Ask HN: What are the best places to learn white and black hat SEO? - jrlocke

General answers are useful to the community, but if you want to tailor your recommendation for me, you can assume the familiarities earned from a shallow background in advertising and a computer science minor with one web programing course.
======
pairing
White Hat SEO: unique title tags, unique meta descriptions, unique urls,
correct use of headers and other HTML elements, fast loading pages, & content,
content, content. The best way it was described to me is that its best to
think of each page of content as a lottery ticket to the google front page.
The more unique original content you have the better chance that one of your
pages will get ranked for some keyword. Really as simple as that.

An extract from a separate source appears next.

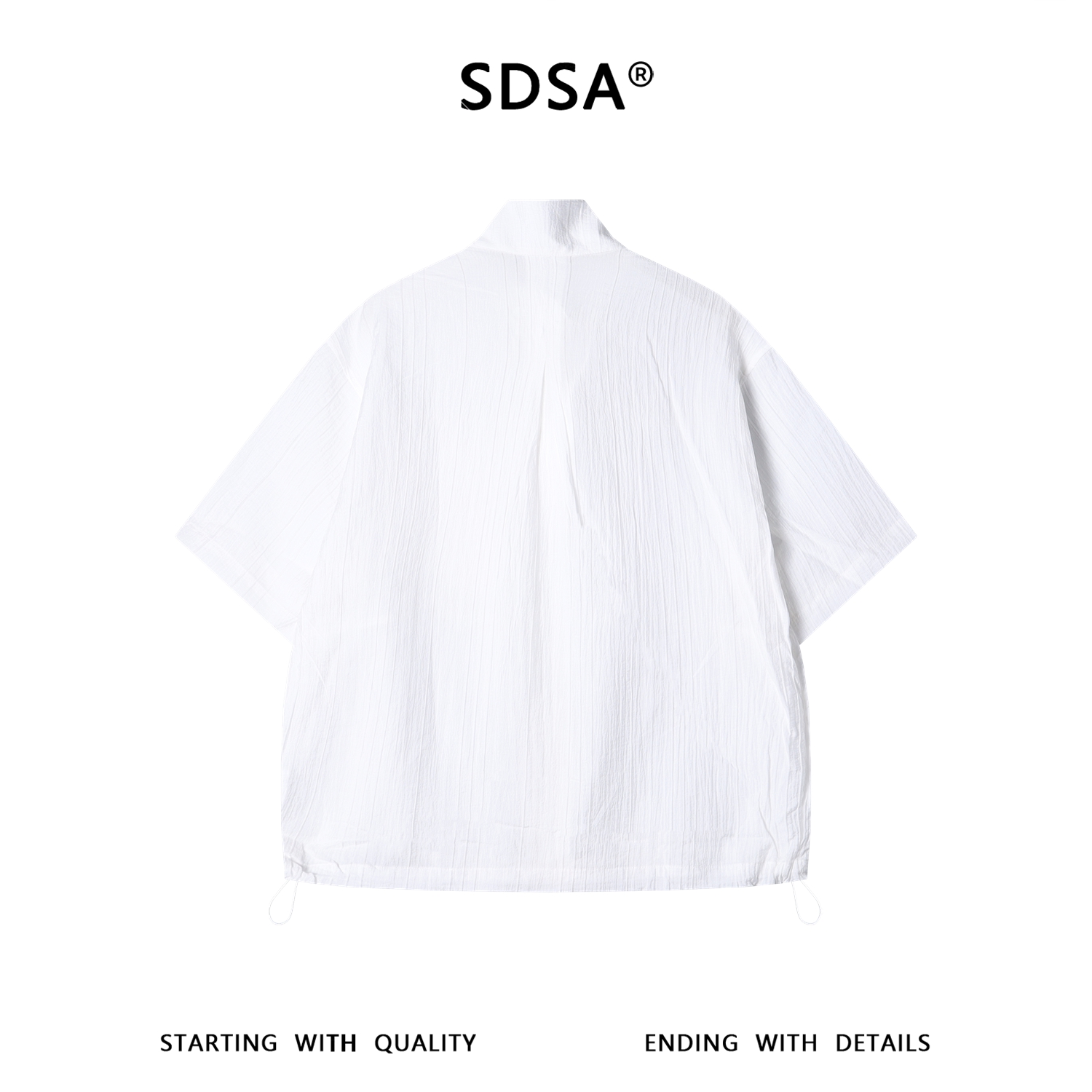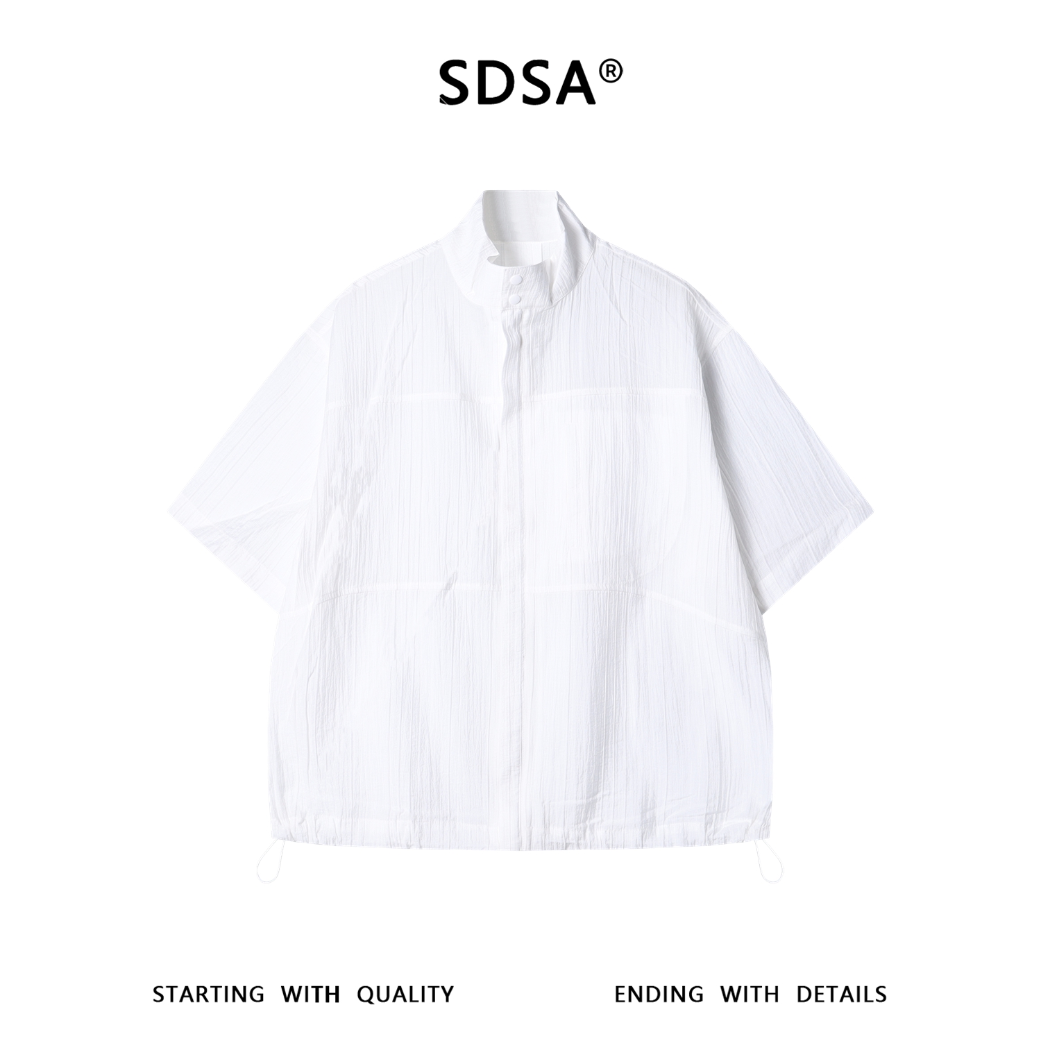 SDSA男装2026新款轻奢老钱风竖纹拉链立领短袖衬衫下摆松紧百搭
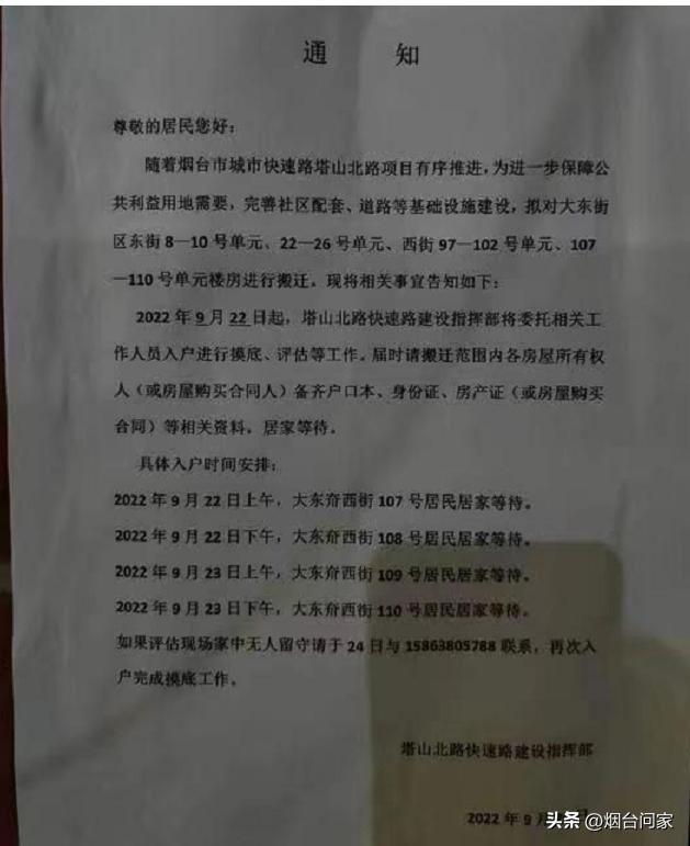 另据网友爆料,近期塔山北路快速路建设指挥部发布了远林夼部分单元楼房的搬迁事宜。

I have
articles from my app ranked on the 1st page of google in less than a week just
following these guidelines and my app has a page rank of 0 since its new.
([http://moz.com](http://moz.com) and
[http://www.kalzumeus.com](http://www.kalzumeus.com) are great resources)

Black Hat SEO: Compensate people to link to your website or find websites that
pass link "juice" to your site. I don't recommend this path.
([http://jmarbach.com/rapgenius-growth-hack-
exposed](http://jmarbach.com/rapgenius-growth-hack-exposed))

------
mattwritescode
I would recommend Google, a quick search will bring up millions of results on
SEO the good bad and the ugly.